One of the twenty-five principal students of Guru Padmasambhava

Nubchen Sangye Yeshe (Tib:གནུབས་ཆེན་སངས་རྒྱས་ཡེ་ཤེས, Wylie: gnubs chen sangs rgyas ye shes, Chinese: 努千桑傑耶喜, Pinyin: Nǔqiān Sāngjié Yéxǐ) (9th century) was one of the twenty-five principal students of Guru Padmasambhava, revealer of Vajrayana and founder of the Nyingma school and of Tibetan Buddhism. Nubchen Sangye Yeshe is considered an important figure in the development of the White Sangha of lay yogis, the Ngakpas and Ngakmas. Crazy wisdom Terton Tsasum Lingpa (17th century) was a reincarnation of Nubchen Sangye Yeshe.

==Teachers==
As well as his fame as one of the 25 principal disciples of Padmasambhava, Nubchen Sangye Yeshe is held in different sources to have been a direct disciple of Shri Simha, Vimalamitra, Kamalashila, Dhanadhala, Tshaktung Nagpo, Shantigarbha, Dhanasamskrita, Shakyadeva, Dhanarakshita, the Brahman Prakashalamkara, Dharmabodhi, Dharmaraja, Tsuglag Pelge, Acarya Vasudhara, Chetsenkye, Nak Jñanakumara, Sogdian Pelgi Yeshe and Gyelwei Yönten.

==Works==

Nubchen Sangye Yeshe wrote the Armor Against Darkness (Wylie: mun pa’i go cha), a major commentary on The Six Tantras Clarifying the Six Limits (dgongs pa ’dus pa’i mdo), which is a central tantra of the Anuyoga tradition.

Namkhai Norbu also identifies Nubchen Sangye Yeshe as the author of a treatise, Samten Migdrön (bsam gtan mig sgron). Nyingma scholar Khenchen Palden Sherab Rinpoche has written the primary commentary on Nubchen Sangye Yeshe's Samten Migdron.

Jacob Dalton states that:

Nubchen Sanggyé Yeshé is renowned for having preserved a number of tantric lineages through the so-called “dark period” of Tibetan history (roughly 842-978 CE), when state-supported monastic Buddhism fell into decline. Nubchen authored many works, including the Lamp for the Eye in Contemplation (bsam gtan mig sgron), an extensive discussion of early Tibetan contemplative systems. But by far his longest work is his little read Armor Against Darkness (mun pa’i go cha), a systematic commentary on the Compendium of the Intentions Sūtra. In preparing his commentary, Nubchen studied directly under Chetsenkye and the other translators of the Compendium Sūtra.

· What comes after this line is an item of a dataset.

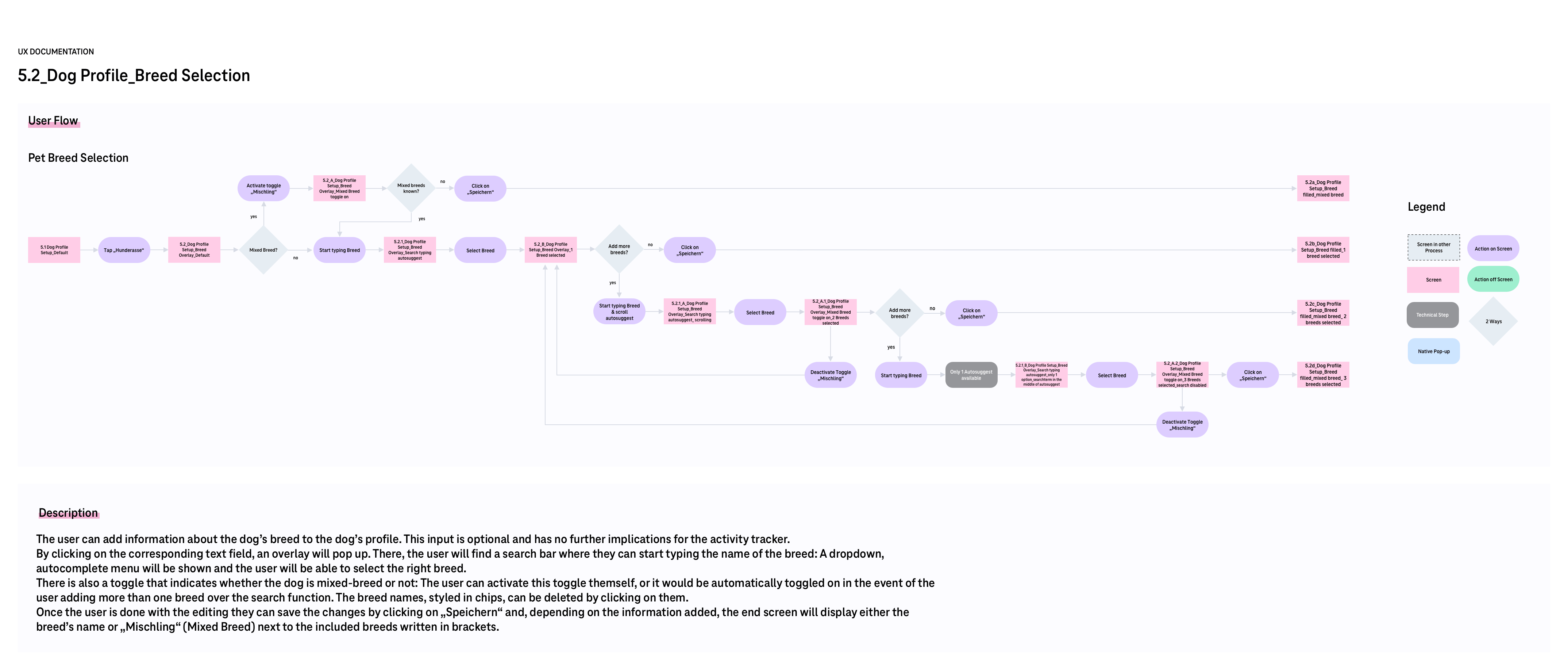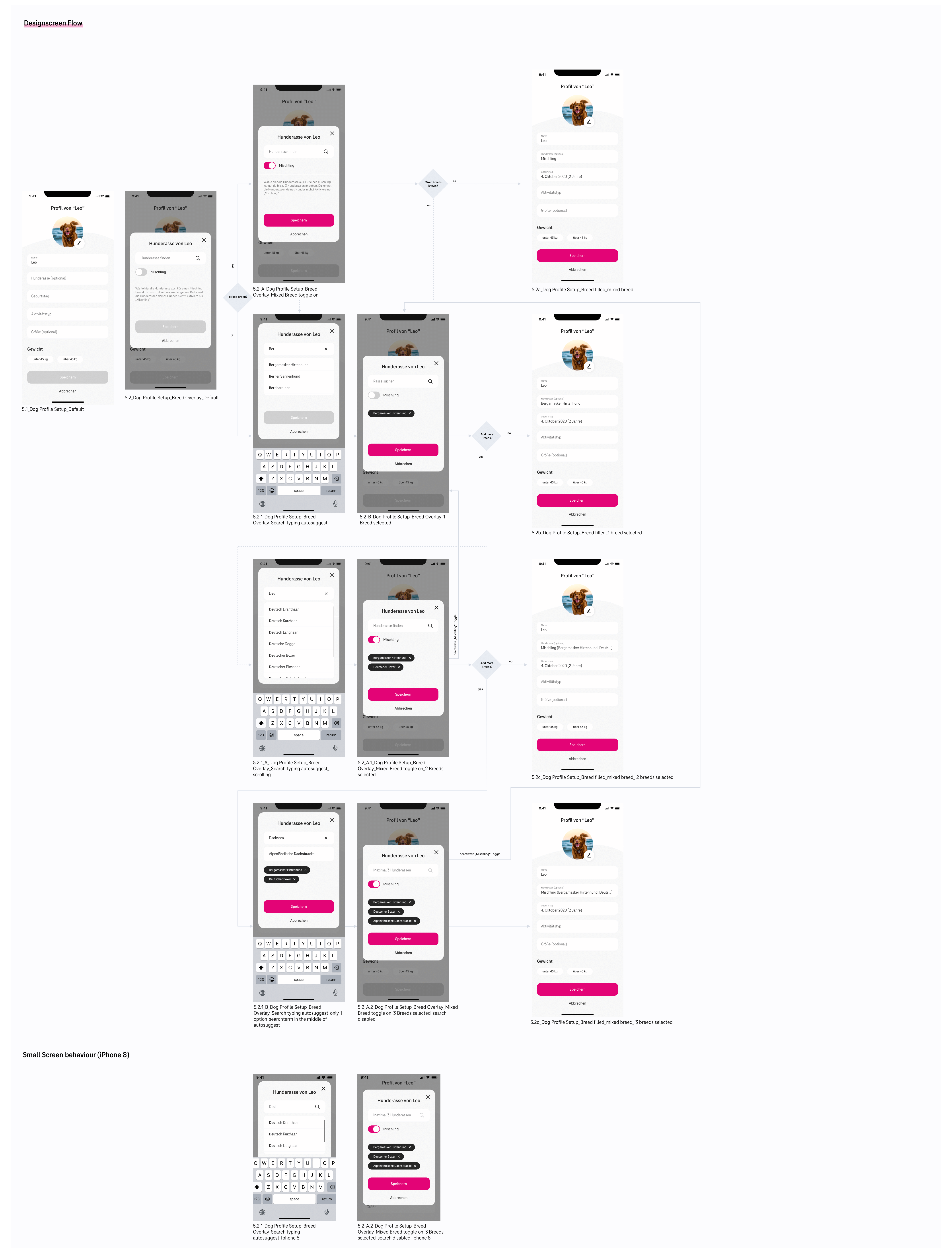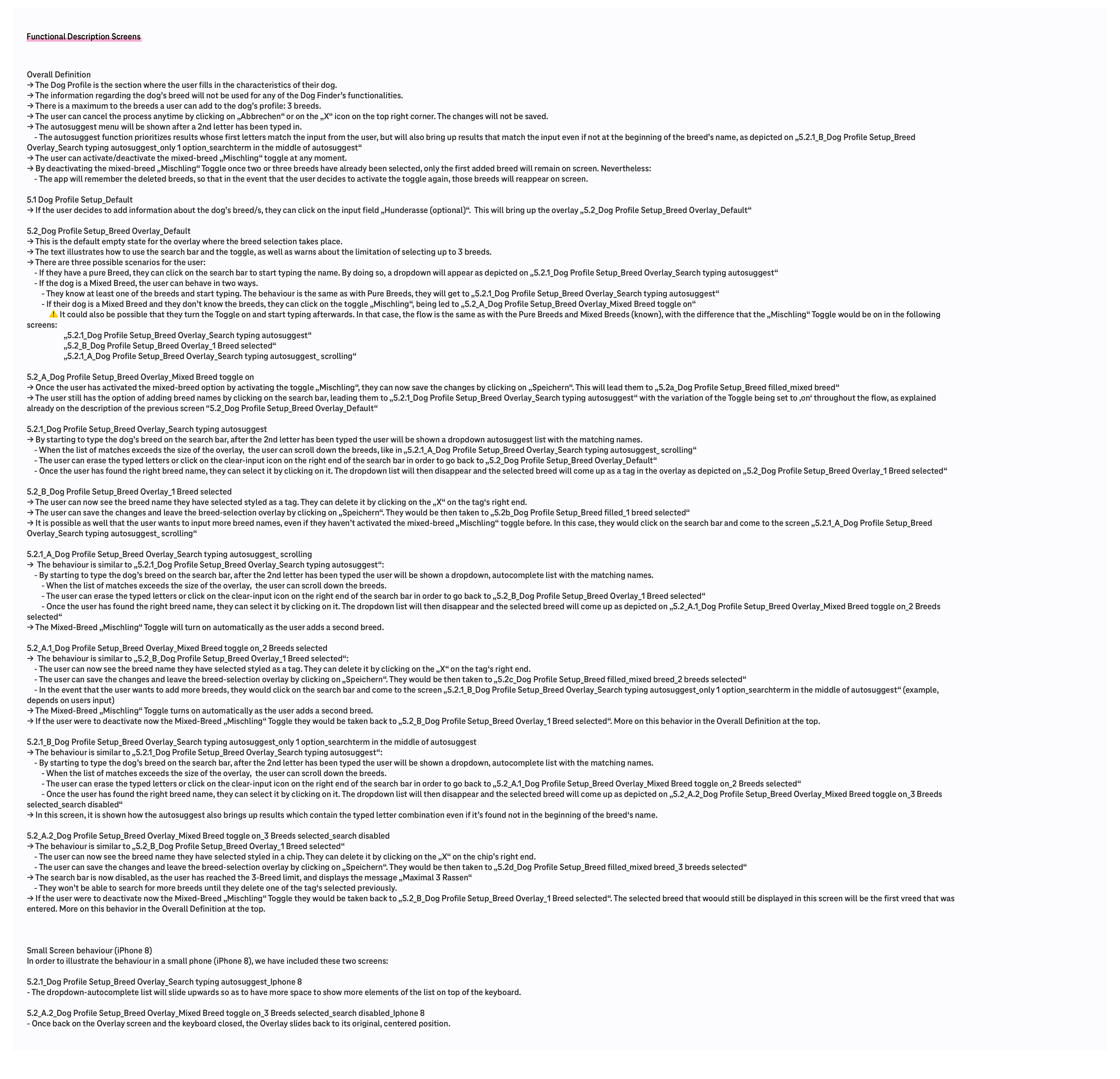 Um das Hunderassenthema den Entwicklern und dem Kunden in seiner gesamten Logik verständlich zu machen, wurde das Ganze noch in der UX Doku festgehalten. Diese besteht aus dem User Flow, der allgemeinen Beschreibung, dem Designscreen Flow und den funktionalen Beschreibungen dieser Screens. Diese Doku enthält alle Feinheiten und Sonderfälle, wie z.B. ab wie vielen Zeichen die Autosuggest Liste angezeigt wird oder dass sich das Search Icon bei aktiver Eingabe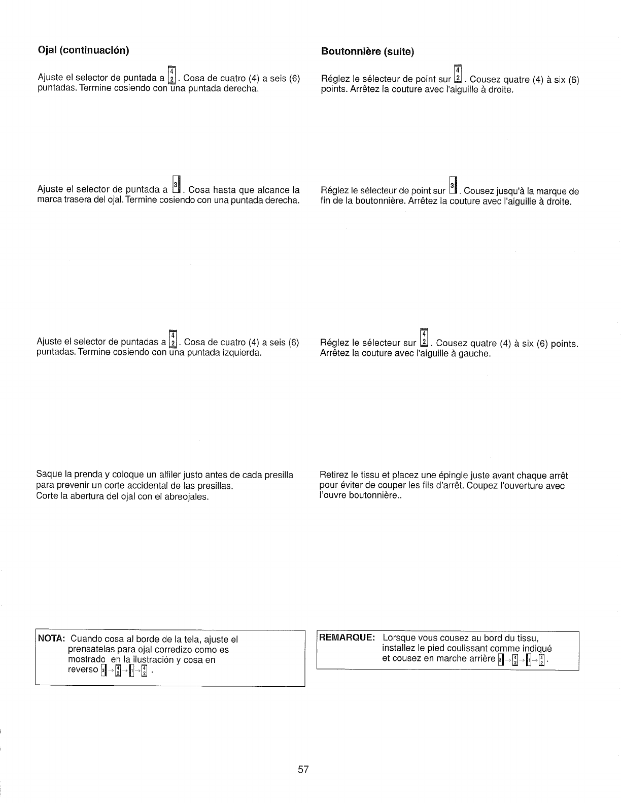 14. Apague esta m_.quina de coser ("O") cada vez que tenga que hacer ajustes en la zona de la aguja, como enhebrar

Eva Dargyay discusses the particular generation stage cycle of the 'Eight Pronouncements' (Wylie: bka'-brgyad) that Nubchen was empowered to practice by Padmasambhava and through the realisation of which Nubchen accomplished the specific emanation of this Manjushri 'yidam' (Wylie: lha), mandala of divine accoutrements and entourage and demonstrated his siddhi by deftly wielding the energetic phurba:

Sangs-rgyas-ye-śes practiced the gŚin-rje-snying-thig, the divine power (lha) of which is Mañjuśri; as a sign of successful meditation, he thrust a ceremonial dagger (phur-bu) into a rock.

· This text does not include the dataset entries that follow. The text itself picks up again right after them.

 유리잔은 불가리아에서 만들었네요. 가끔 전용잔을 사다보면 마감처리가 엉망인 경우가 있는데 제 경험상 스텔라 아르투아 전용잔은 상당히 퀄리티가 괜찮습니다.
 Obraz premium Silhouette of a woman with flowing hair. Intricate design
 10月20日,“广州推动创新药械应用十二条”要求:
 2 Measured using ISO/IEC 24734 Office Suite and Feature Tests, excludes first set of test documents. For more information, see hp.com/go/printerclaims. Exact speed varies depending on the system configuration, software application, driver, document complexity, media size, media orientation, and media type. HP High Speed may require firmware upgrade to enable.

===Lamp for the Eye in Contemplation the Samten Migdron (Tib. bSam-gtan Mig-sgron.)===
Elias Capriles, in discussing the 'Lamp for the Eye in Contemplation' the Samten Migdrön discovered in 1908 at Tun-huang by Paul Pelliot, states:

...this book was entombed in the ruins of Tun-huang, where it remained from the eleventh or twelfth century CE until 1908, when French Sinologist Paul Pelliot explored the cave temples that a local farmer discovered accidentally at the turn of the twentieth century. Therefore, its authenticity is beyond question.

In the Samten Migdrön, Nubchen Sangye Yeshe establishes a distinction within the Mahayana between:
- the 'Gradual Vehicle of Bodhisattvas' (Sanskrit: Bodhisattvayana); and
- the 'Sudden Mahayana' corresponding to the Dhyana, Ch’an or Zen school.

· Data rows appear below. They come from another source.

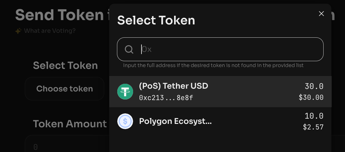 2. Choose payment token “(PoS) Tether USD” ie. USDT: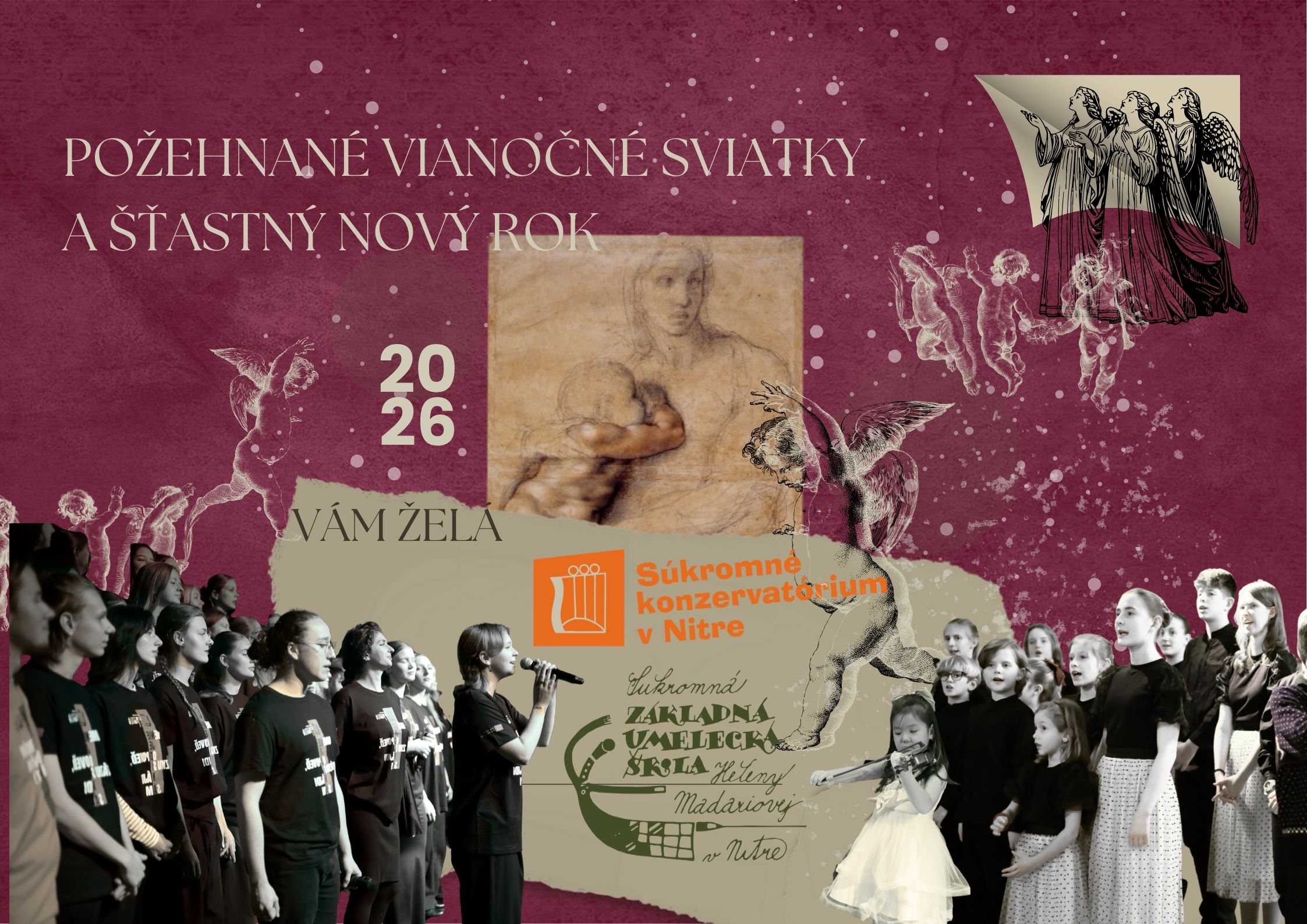 V tomto sviatočnom období by som sa chcela zo srdca poďakovať všetkým, ktorí sú súčasťou našej umeleckej komunity – žiakom, rodičom, pedagógom, absolventom, priaznivcom a všetkým, ktorí s nami zdieľajú lásku k umeniu. Vďaka Vašej podpore, dôvere a záujmu má naša práca zmysel a naše školy sú miestom, kde sa stretáva tvorivosť, vzdelávanie a ľudskosť.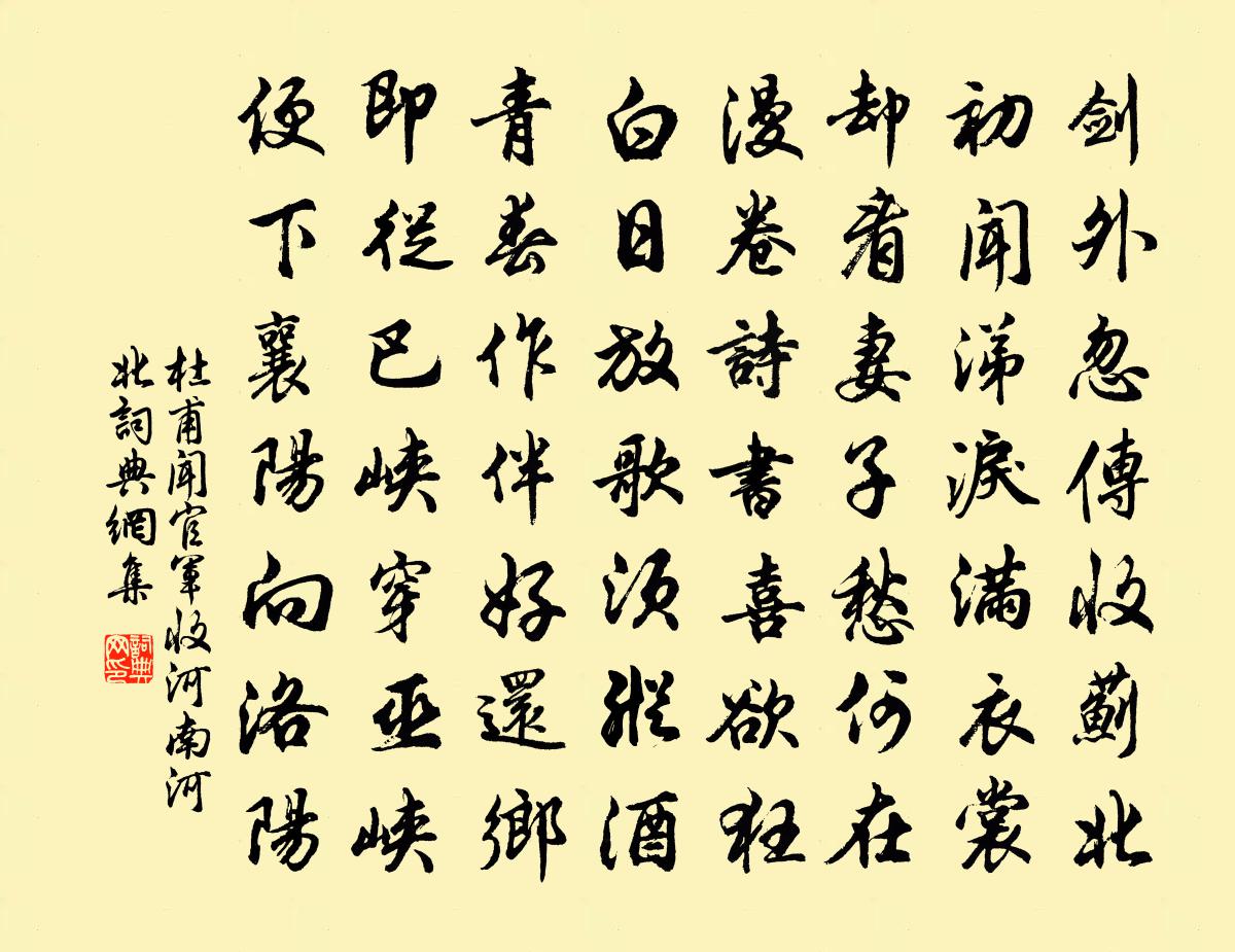 杜甫在這首詩下自註:“余田園在東京。”詩的主題是抒寫忽聞叛亂已平的捷報,急於奔回老家的喜悅。“劍外忽傳收薊北”,起勢迅猛,恰切地表現了捷報的突然。詩人多年飄泊“劍外”,備嘗艱苦,想回故鄉而不可能,就是由於“薊北”未收,安史之亂未平。如今“忽傳收薊北”,驚喜的洪流,一下子沖開了鬱積已久的情感閘門,令詩人心中濤翻浪涌。“初聞涕淚滿衣裳”,“初聞”緊承“忽傳”,“忽傳”表現捷報來得太突然,“涕淚滿衣裳”則以形傳神,表現突然傳來的捷報在“初聞”的一剎那所激發的感情波濤,這是喜極而悲、悲喜交集的真實表現。“薊北”已收,戰亂將息,乾坤瘡痍、黎民疾苦,都將得到療救,詩人顛沛流離、感時恨別的苦日子,總算熬過來了。然而痛定思痛,詩人回想八年來熬過的重重苦難,又不禁悲從中來,無法壓抑。可是,這一場浩劫,終於像噩夢一般過去了,詩人可以返回故鄉了,人們將開始新的生活,於是又轉悲為喜,喜不自勝。這“初聞”捷報之時的心理變化、複雜感情,如果用散文的寫法,必需很多筆墨,而詩人只用“涕淚滿衣裳”五個字作形象的描繪,就足以概括這一切。

The 'suddenness' is further explicated and contextualised by Capriles, who mentions Huineng:

In his sutra, Hui-neng noted that no tradition is sudden or gradual, and that these adjectives should be applied to students rather than to teachings or schools, for no doubt some students are more “sudden” than others (Wong Mou-Lam and A. F. Price, translators, 1969); however, the term is used to refer to the Ch’an or Zen School insofar as in it Awakening is not posited as the result of a gradual development through paths and levels, but as an instantaneous breakthrough.

For 'instantaneous breakthrough' and 'awakening' refer kensho (Japanese) and satori (Japanese), respectively.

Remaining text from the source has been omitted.